[Geysers] A couple of 8/6 Giant details...
Tara Cross
fanandmortar at hotmail.com
Mon Aug 8 03:13:41 PDT 2005
I'll let Paul describe the hot period activity at Giant leading up (and I
use that term loosely; there was certainly no discernable progression of
events) to the August 6 eruption. However, Steve Robinson asked me to post
a few details about the eruption hot period.
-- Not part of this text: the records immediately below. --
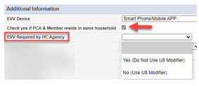 - On the Member Demographics Tab the HC Agency should check the box next to the question of “Check yes if PCA & Member reside in the same household”. If checked, an additional question will appear that must be completed by the HC Agency to designate the status of EVV requirement. The HC Agency should select Yes or No appropriately.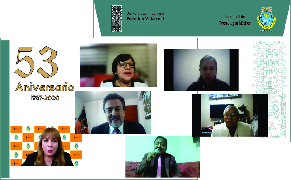 Igualmente; la doctora Regina Medina Espinoza, decana de la FTM y el licenciado Carlos S谩nchez Rafael, decano nacional del Colegio de Tecn贸logos M茅dicos del Per煤, participaron en esta celebraci贸n virtual.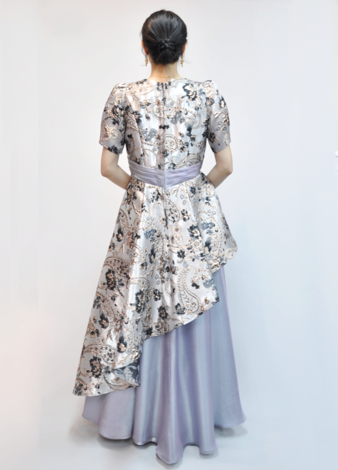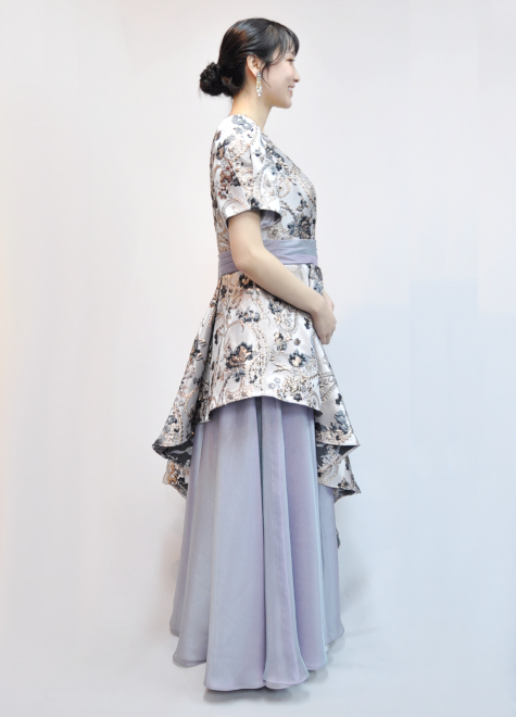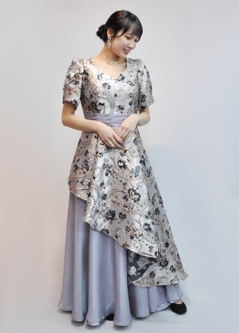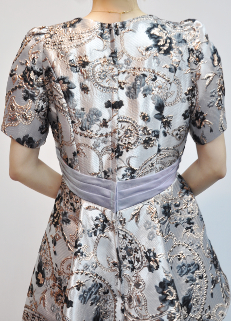 立体的ある模様が特徴的なジャガード織には、ブラックカラーの模様も入っており、ドレス全体が野暮ったくならない締め色として活躍。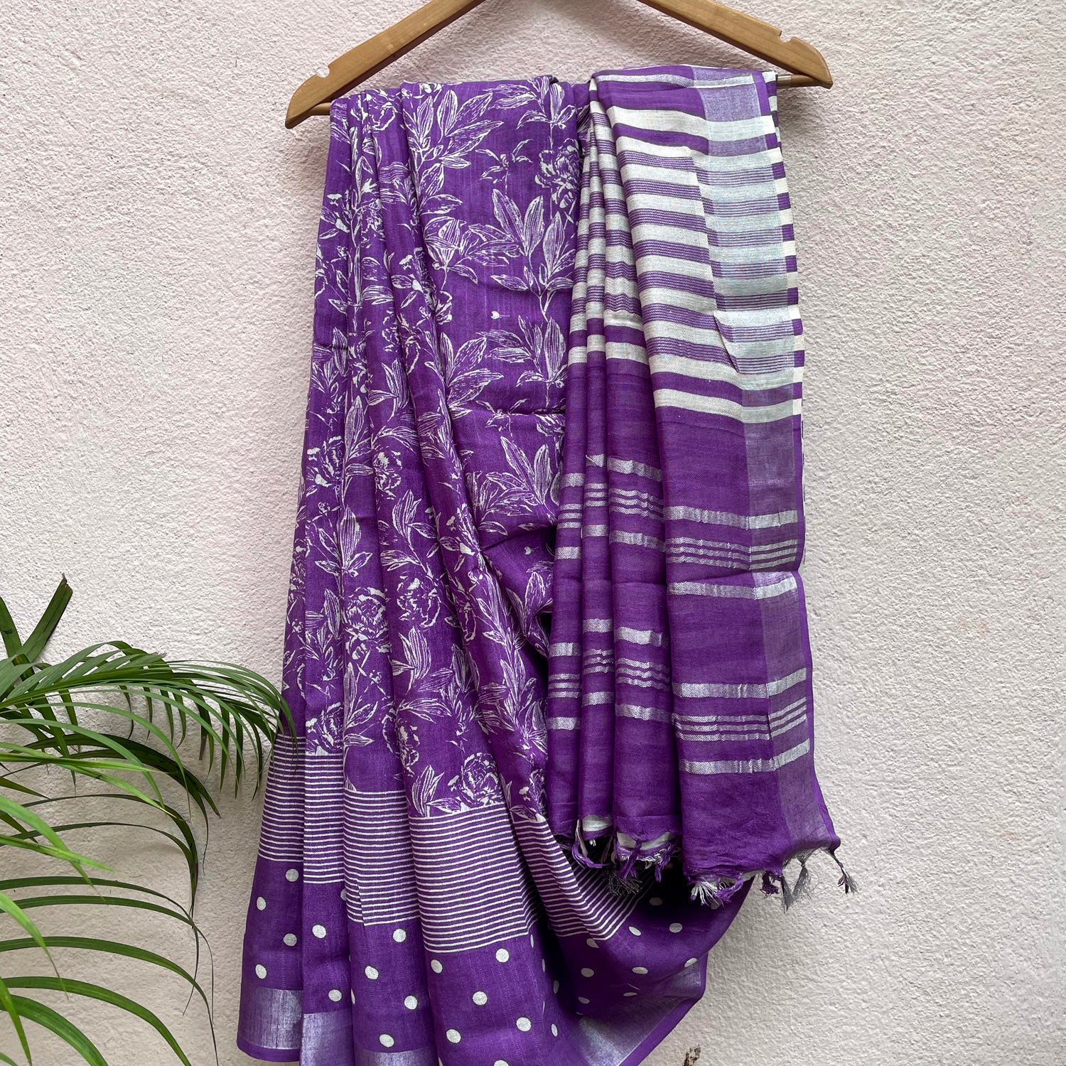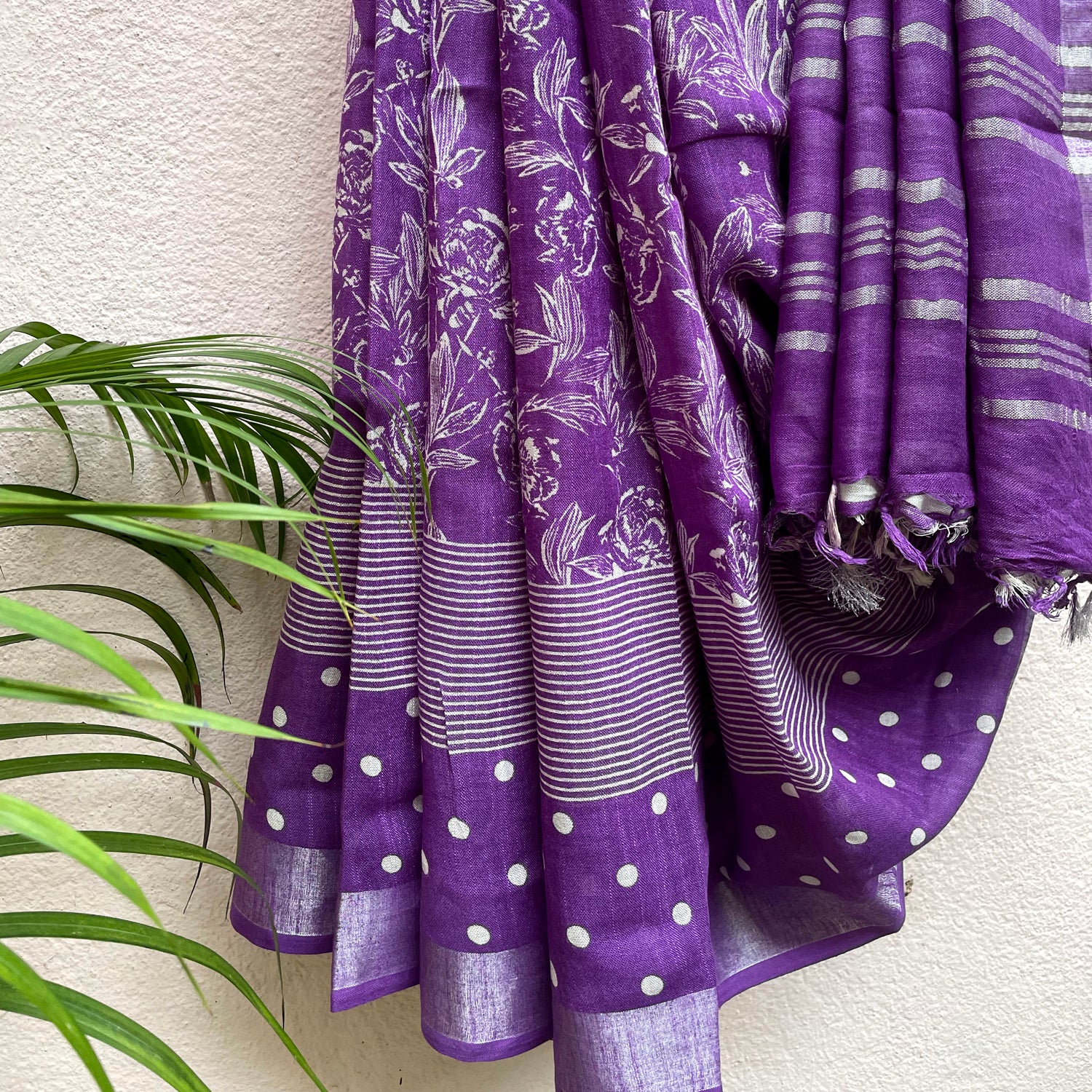 To simply put it, life is a beautiful melody, only the lyrics are messed up. Our Violet Meadow organic linen saree with floral print will up your fashion game. The silver zari border with a unique polka dotted border along with stripes will not only bring all the attention towards you but will make you stand out of the crowd. To top it all, it comes with a striped blouse for the fashionista in you.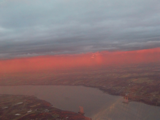 一つ目は夕焼けのケベックシティです。機内からの写真ですが、夕焼けを上から見るのって初めてでした!!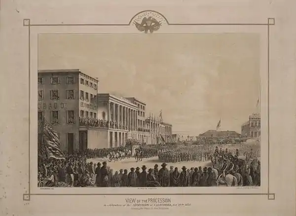 View of the Procession in Celebration of the Admission of California, Oct. 29, 1850, Crossing the Plaza of San Francisco, lithograph by John Prendergast
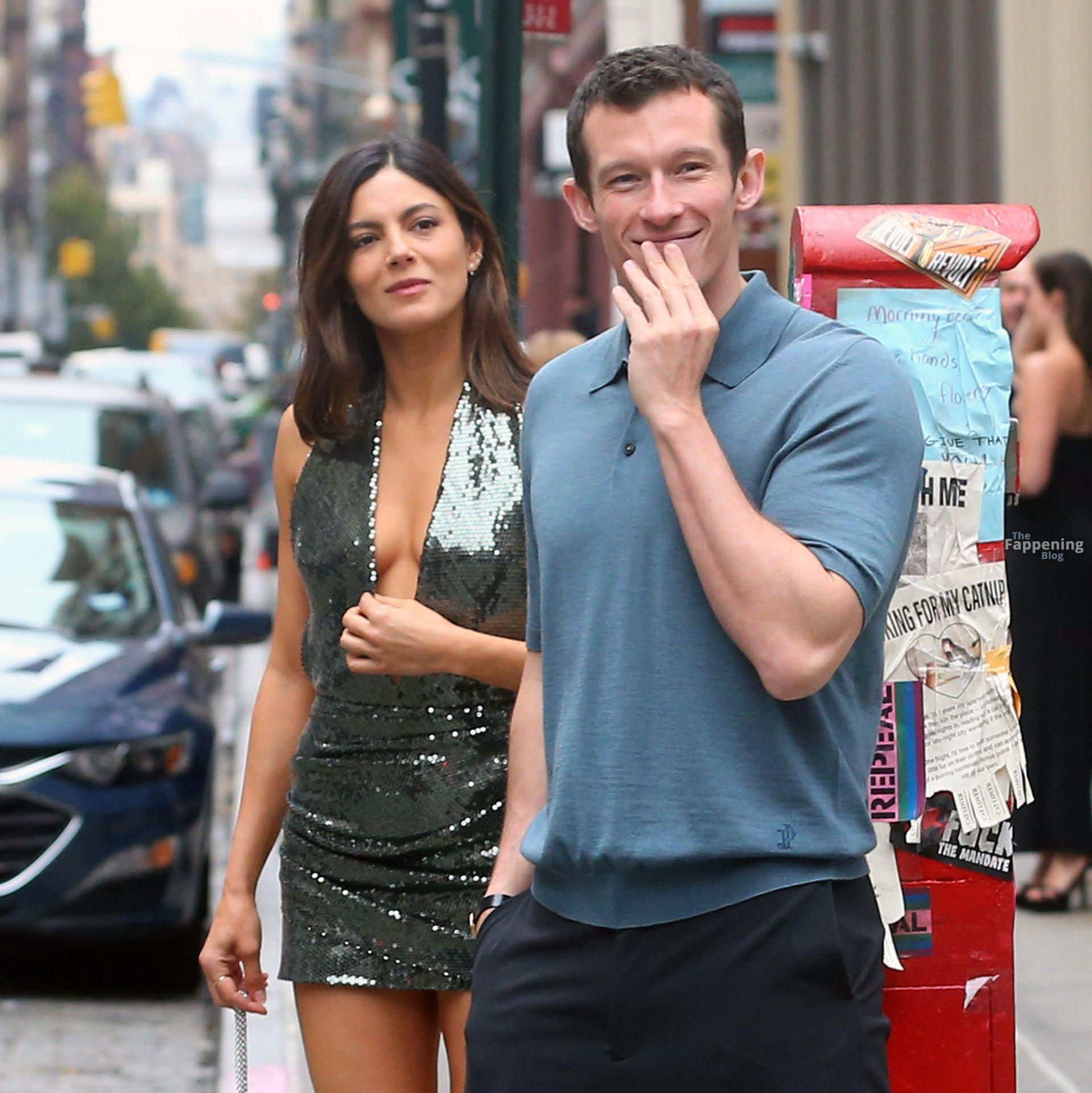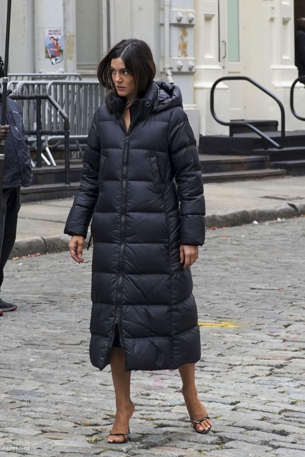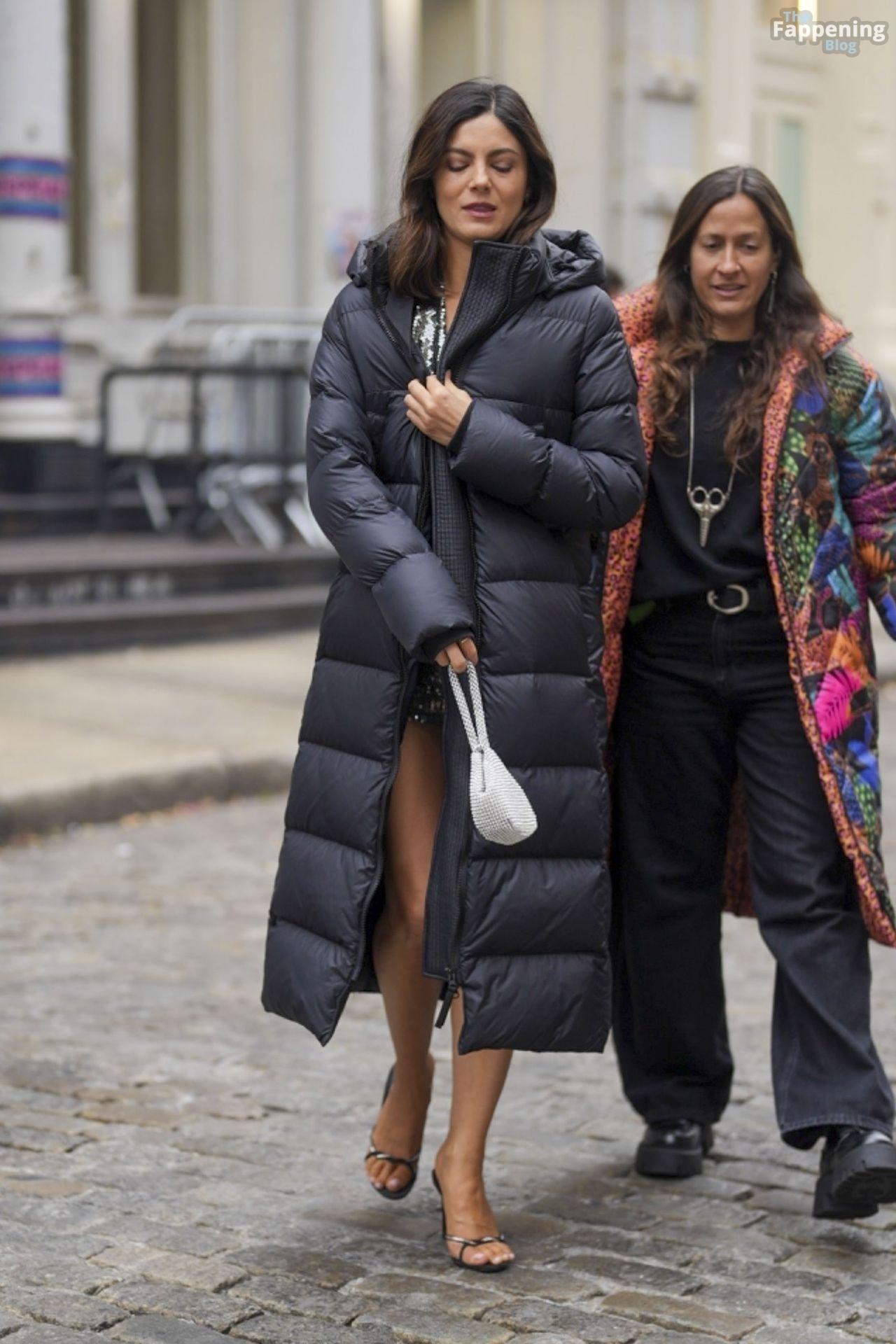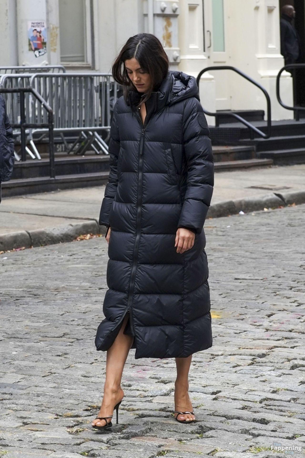 Braless Monica Barbaro stuns in a green sequin dress and stiletto high heels filming ‘One Night Only’ in New York City.
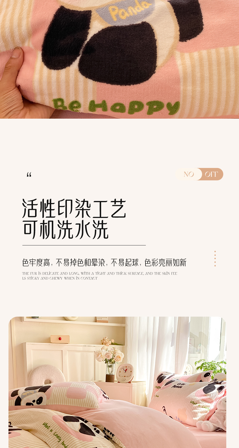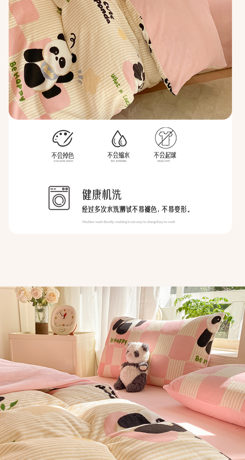 商品名称:豫见家纺 2025新款牛奶绒印花四件套 熊猫乐园-粉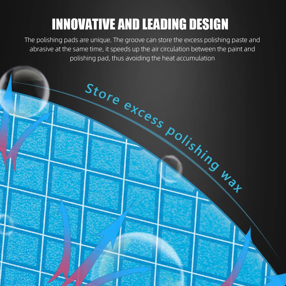 - [Innovative design] The groove can store excess polishing paste and abrasives; at the same time, it speeds up the air circulation between the paint and the polishing pad and avoids the accumulation of heat;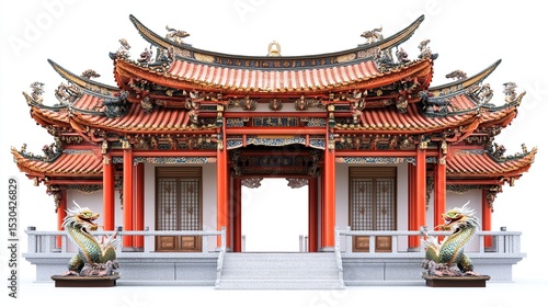 © Satria, Obraz premium A traditional Chinese temple with a red and gold roof, intricate carvings, and two guardian dragons. It has a large, open entryway with double doors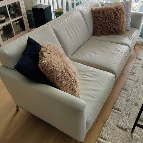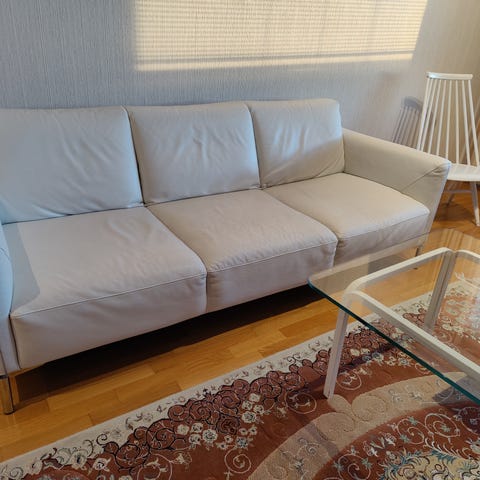 Se on kulunut, mutta hyvässä kunnossa ja hyvin pidetty. Sohvan nurkassa on pieni tahra, jota ei näe ellei etsi. Sekä sohvalla istuminen että nukkuminen tuntuvat mukavilta.

During the first 3 minutes, Mastiff boiled 1-3 feet. According to Steve and
Kitt (sometimes it pays to be an Oblophile!), the height fluctuated a lot
during that time, up and down very quickly, though some of the 3-foot
boiling was also wide. Then Mastiff went flat. During minutes 5-7, Mastiff
was anywhere from flat to 1 foot. 7.5 minutes into the hot period, Mastiff
began to boil again. Just as Steve was about to make his 8-minute update,
Mastiff very suddenly surged to 4-5 feet, and a few seconds later it had a
huge surge to the height of the cone. Approximately 1 minute later, it went
into full eruption to about 30 feet. As Mastiff was surging, Steve noted
that Cave was erupting to about 1 foot. He did not see any sizeable
activity from Turtle.
Needless to say, for someone who was roused from bed by the hot period
(sleeping in after getting very little sleep the previous night waiting for
F&M), there was nothing to get excited, or even anxious, about for over
SEVEN minutes. I have probably heard Steve call 30-40 hot periods this year
and this one was no different from any other 8-10 minute hot period he had
called in May, June, or July. (That includes the many other post-marathon
hot periods called--if anything, this one sounded WEAKER than several that I
had seen in the weeks preceding the eruption.)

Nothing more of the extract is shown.